Segundo o Agravo de Instrumento, pode-se comprar listas com grupos de CPFs extremamente específicos e taxativos. Segmenta-se, por exemplo, utilizando-se um filtro do sistema, dados denominados como de “Ricos e influentes” , “Elite urbana qualificada”, “idosos tradicionais de alto padrão”, “assalariados de meia idade nas grandes cidades”, “jovens protagonistas da classe média”, “no coração da periferia”, “pequenos negociantes do interior”, “jovens da informalidade”, jovens desprovidos”, “sertão profundo”, entre outros. 

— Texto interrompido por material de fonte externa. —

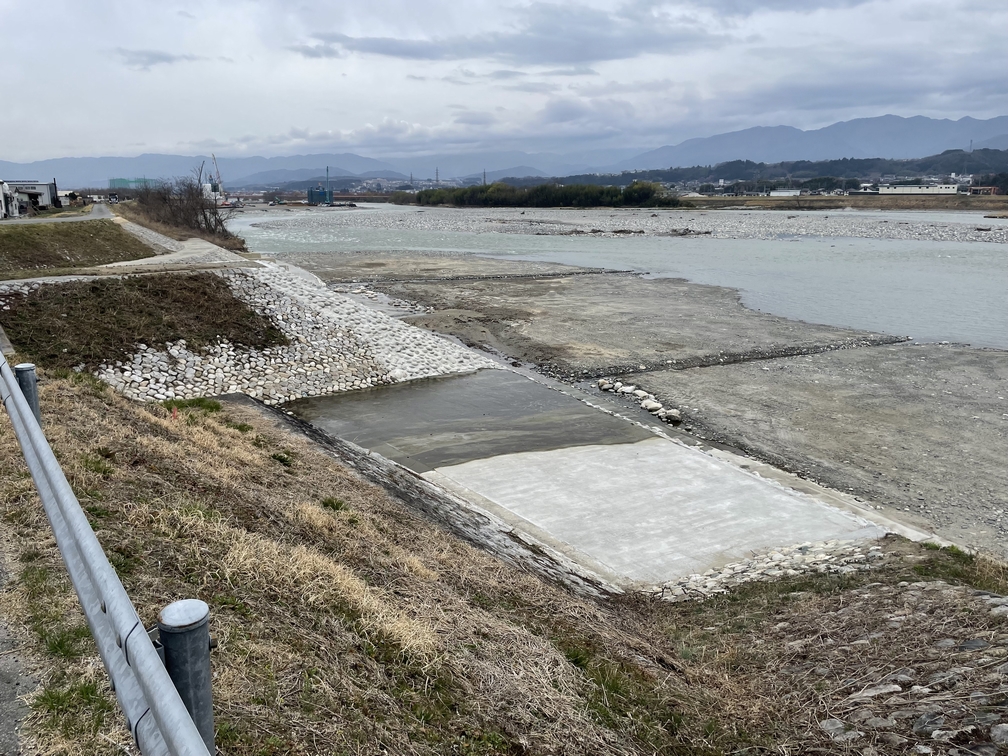 天竜川本川右岸、高森町下市田地区護岸と、左岸豊岡村伴野地区護岸の修繕工事です。

Decisão anterior foi indeferida 

Anteriormente à publicação do Agravo de instrumento, uma decisão indeferindo o pedido de cessão de venda de dados pessoais pelo Serasa ocorreu. O juiz responsável pela sentença fundamentou a decisão de que a empresa estaria amparada pela base legal do legítimo interesse e da proteção do crédito. 

Argumentou, ainda, que, a despeito de os dados fornecidos se qualificarem como informações referentes à privacidade e à intimidade de pessoa natural ou jurídica, seriam dados habitualmente fornecidos pelos clientes e suas relações negociais e empresariais, razão pela qual não se caracterizariam elementos sigilosos ou confidenciais.

Ainda segundo o Agravo “ Asseverou, ainda, que, com relação às informações referentes ao perfil financeiro, poder aquisitivo, classe social, padrão de consumo, porte da empresa, ramos de atividade e triagem de risco, seriam elementos de interesse ao desenvolvimento econômico, à livre iniciativa, à livre concorrência e, portanto, à própria defesa do consumidor (art. 2º, incisos V e VI, da Lei 13.709/18), na medida em que são indispensáveis à proteção ao crédito.”

Princípios constitucionais violados

É sabido que para a correta aplicação de diretrizes de proteção de dados pessoais no Brasil, é necessário uma análise ampla, que abarque, além da LGPD, todas as demais normas de tratamento de dados, especialmente a Constituição Federal e o Marco Civil, por exemplo. 

Nesse sentido, nota-se que ao comercializar informações de clientes sem embasamento legal, fere-se tanto o direito à privacidade, como o direito à intimidade e à imagem, o que inclui o direito à proteção de seus dados pessoais. Ambos os direitos estão assegurados pela Constituição, que classifica a inviolabilidade da vida privada como um direito fundamental. Em âmbito infraconstitucional, por sua vez, a privacidade é classificada como um direito da personalidade, onde o cidadão deve possuir controle sobre seus próprios dados pessoais. 

Ademais, segundo o MPDFT, para que o tratamento de dados seja fundamentado no legítimo interesse do controlador é necessário que seus propósitos sejam legítimos, específicos, explícitos e informados ao titular do dado, sendo que as finalidades do tratamento devem ser compatíveis com aquelas informadas ao titular. Ainda, o tratamento deve ser limitado ao mínimo necessário à realização de suas finalidades, trazendo clara obediência aos princípios da finalidade, da adequação e da necessidade preconizados na Lei Geral de Proteção de Dados (artigo 6º, incisos I, II e III, da Lei n. 13.709/20189).

 Quanto ao tratamento de dados fundamentado na proteção do crédito, devem ser observadas, além das disposições contidas na LGPD, as disposições constantes na Lei do Cadastro Positivo (Lei n. 12.414/2011) e no Código de Defesa do Consumidor (Lei n. 8.078/1990)


A decisão 

Frente aos argumentos propostos no Agravo de Instrumento, o desembargador César Loyola deferiu a  antecipação de tutela, determinando, dessa forma, a suspensão da comercialização de dados pessoais dos titulares por meio dos produtos “Lista Online” e “Prospecção de Clientes” do Serasa Experian. Em caso de descumprimento, uma pena de multa no valor de R$5.000,00 por cada venda efetuado em desconformidade com a decisão deverá ser aplicada. 

A decisão do desembargador ainda é passível de recurso.